A new Python project.

These details have not been verified by PyPI

Project links

License
- Other/Proprietary License
Operating System
- OS Independent
Programming Language
- Python :: 3.12

Project description

coreason-synthesis

Grounded Synthetic Data Generation (SDG) for the CoReason-AI platform.

Overview

coreason-synthesis is the "Amplifier" of the CoReason platform. It solves the "Cold Start Problem" of evaluation by manufacturing high-quality, domain-specific Benchmark Evaluation Corpora (BEC) from a small set of user-provided examples.

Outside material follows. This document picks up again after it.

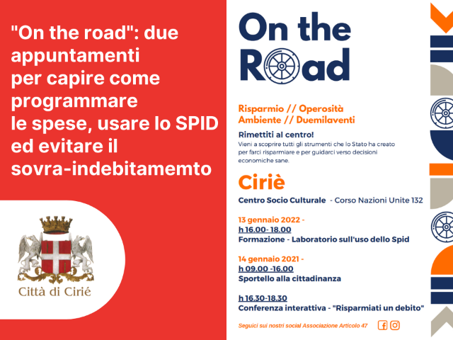 Giovedì 13 e venerdì 14 gennaio "On the road": due appuntamenti per capire come programmare le spese, usare lo SPID al meglio ed evitare il sovra-indebitamemto

Unlike standard GenAI approaches that rely on hallucination, this library implements a Grounded Synthesis Pipeline:

Learns the testing pattern from user-provided Seeds.
Forages for real, semantically similar documents via MCP.
Extracts verbatim text slices (The "Real Data").
Composites synthetic questions around that data (The "Fake Scenario").
Appraises and ranks the results by complexity and diversity.

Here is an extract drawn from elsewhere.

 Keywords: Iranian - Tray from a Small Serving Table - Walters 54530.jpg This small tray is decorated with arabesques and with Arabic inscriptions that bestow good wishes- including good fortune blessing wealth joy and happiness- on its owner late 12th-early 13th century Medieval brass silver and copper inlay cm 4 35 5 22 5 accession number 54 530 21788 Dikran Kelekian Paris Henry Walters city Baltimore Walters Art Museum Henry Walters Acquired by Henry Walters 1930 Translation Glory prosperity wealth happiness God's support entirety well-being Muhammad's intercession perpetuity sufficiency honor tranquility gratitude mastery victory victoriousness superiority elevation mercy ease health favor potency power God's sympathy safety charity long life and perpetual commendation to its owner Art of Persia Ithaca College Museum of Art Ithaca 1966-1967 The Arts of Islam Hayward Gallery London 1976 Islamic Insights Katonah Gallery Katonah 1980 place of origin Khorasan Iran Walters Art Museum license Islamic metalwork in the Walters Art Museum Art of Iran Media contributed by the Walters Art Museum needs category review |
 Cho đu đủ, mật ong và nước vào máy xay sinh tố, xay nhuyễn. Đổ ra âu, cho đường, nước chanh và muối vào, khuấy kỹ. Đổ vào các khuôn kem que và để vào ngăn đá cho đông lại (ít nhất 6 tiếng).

The output is a rigorous, stratified test suite that validates the agent against actual enterprise data variances, not idealized synthetic text.

Features

Pattern-Forage-Fabricate-Rank Loop: A complete pipeline for generating high-quality test data.
Server Mode: Run as a high-concurrency FastAPI microservice.
Docker Ready: Containerized for production deployment.
Few-Shot Intent Inference: Infers testing intent from a few examples.
Verbatim Defense: Uses pixel-perfect copies of real data (preserving errors/formatting) as context.
Lineage Transparency: Distinguishes between "Verbatim/Real" and "Adversarial/Perturbed" data.
Quality Ranking: Appraises and ranks cases by complexity, ambiguity, diversity, and validity.
Safety & Privacy: Includes PII Sanitization filters.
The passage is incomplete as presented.